[Start of section]

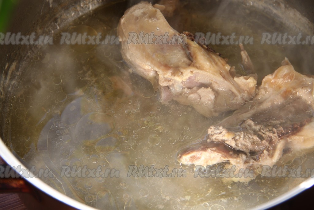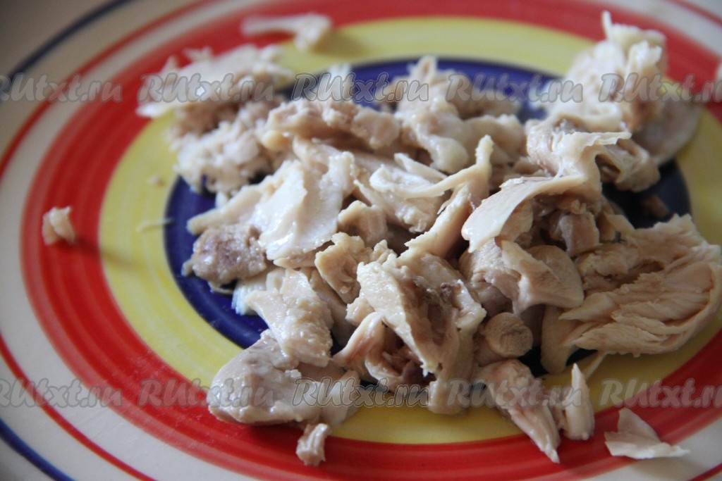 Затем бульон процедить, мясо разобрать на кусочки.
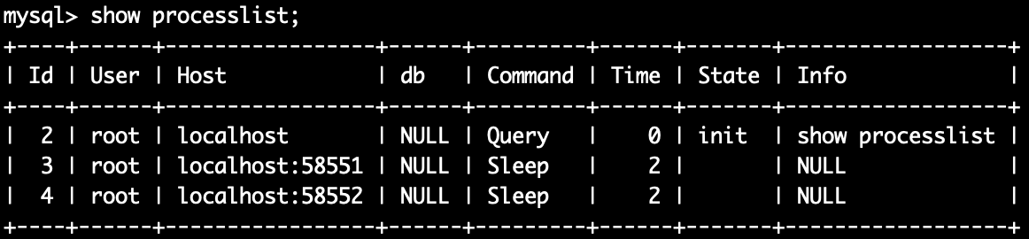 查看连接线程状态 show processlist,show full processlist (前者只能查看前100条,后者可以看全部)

[End of section]
[Start of section]

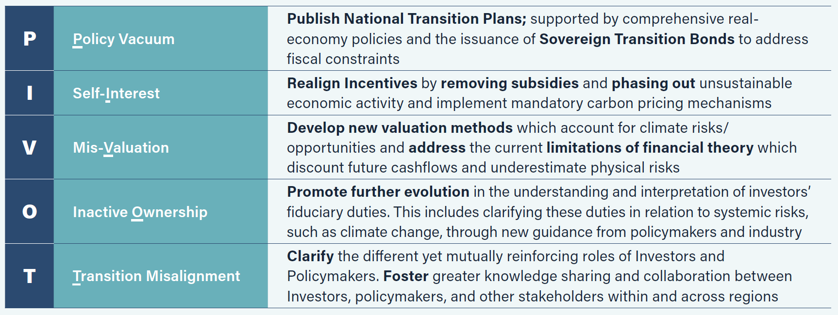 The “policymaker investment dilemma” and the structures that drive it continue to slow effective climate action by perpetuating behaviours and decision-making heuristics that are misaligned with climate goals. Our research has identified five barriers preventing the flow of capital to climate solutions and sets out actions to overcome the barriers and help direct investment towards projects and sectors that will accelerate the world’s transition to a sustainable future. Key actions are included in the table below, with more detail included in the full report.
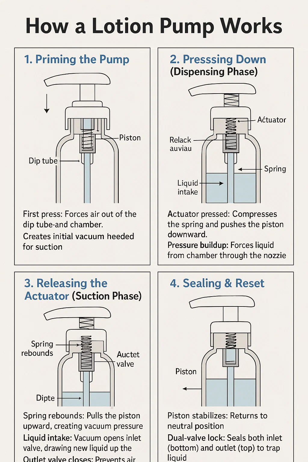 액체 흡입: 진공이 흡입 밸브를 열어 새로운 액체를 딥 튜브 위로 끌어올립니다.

[End of section]

◆ What you have to do ◆
Pictures in the entries do not go into the copy. Print only the lines starting at the one containing "Затем бульон процедить, мясо" and ending at the one containing "查看连接线程状态 show processlist,show", exactly as they appear.

◆ Solution to the exercise ◆
 Затем бульон процедить, мясо разобрать на кусочки.
 查看连接线程状态 show processlist,show full processlist (前者只能查看前100条,后者可以看全部)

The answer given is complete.